Without effective collaboration between industry peers in aligning purchasing practices around human rights, suppliers may face “unnecessary cost and time burdens” in trying to comply with multiple audits, training or screenings.
The report, Making sense of managing human rights issues in supply chains, published by the British Institute of International and Comparative Law (BIICL) and the law firm Norton Rose Fulbright, added that although the law around human rights was strengthening, companies still needed to develop non-judicial mechanisms of redress where abuse is found.
Milana Chamberlain, partner at Norton Rose Fulbright, said as global supply chains continue to become more complex, it was vital companies “build a complete picture” of the impact their activities have on human rights, communities and the environment.

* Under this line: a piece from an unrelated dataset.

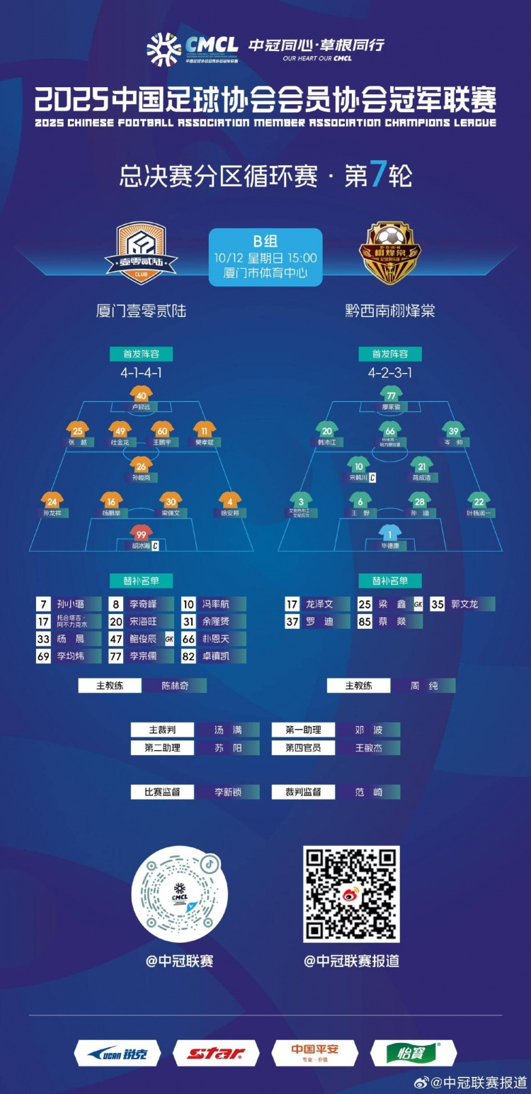 在10月12日的中冠決賽階段分組賽第7輪中,廈門壹零貳陸將主場迎戰黔西南栩烽棠,比賽將在廈門市體育中心舉行。雙方的首發陣容已正式公布,廈門壹零貳陸方面,由於近期狀態良好的張越獲得首發機會,盧致遠則擔任起前鋒的角色。

“Many companies are only just starting to explore the complexities of such supply chain human rights due diligence. The legal landscape is developing fast, with increasing focus on a company’s control over the human rights impacts of its supply chain,” she said.
The report makes a number of recommendations for businesses that want to improve their due diligence. It suggests those just starting to develop due diligence processes follow the guidance set out by the UN Guiding Principles on Human Rights, including an assessment of the actual or potential human rights impact of your supply chain.
Other recommendations include:
- Creating robust and substantive processes
- Ensuring senior or board level commitments
- Making human rights part of the company’s commercial goal
- Engaging with local stakeholders
- Taking part in any industry wide initiatives
- Exploring ways to go past the first tier
Separately, the top UK Top 100 Modern Slavery Influencers was revealed at an event in London on Thursday.
The list of the most influential influencers (which included SM editor Katie Jacobs) is based on their social media interactions, their engagement with policy and public speaking. The actual ranking of the top 100 will not be revealed until an event in September this year.
Speaking at the event, Baroness Lola Young, who has a private member’s bill in parliament seeking to expand the Modern Slavery act, said the level of engagement from individuals, businesses and other organisations on the issue “keeps me going”.
“One of the things that struck me during the course of this work has been how many people are really, genuinely engaged in wanting to do something about this huge problem – genuinely committed to doing something. So when I read about all the doom and gloom in the rest of the news, it’s something that keeps me going,” she said.
“So I’m really glad that we’re able to identify some of those people.”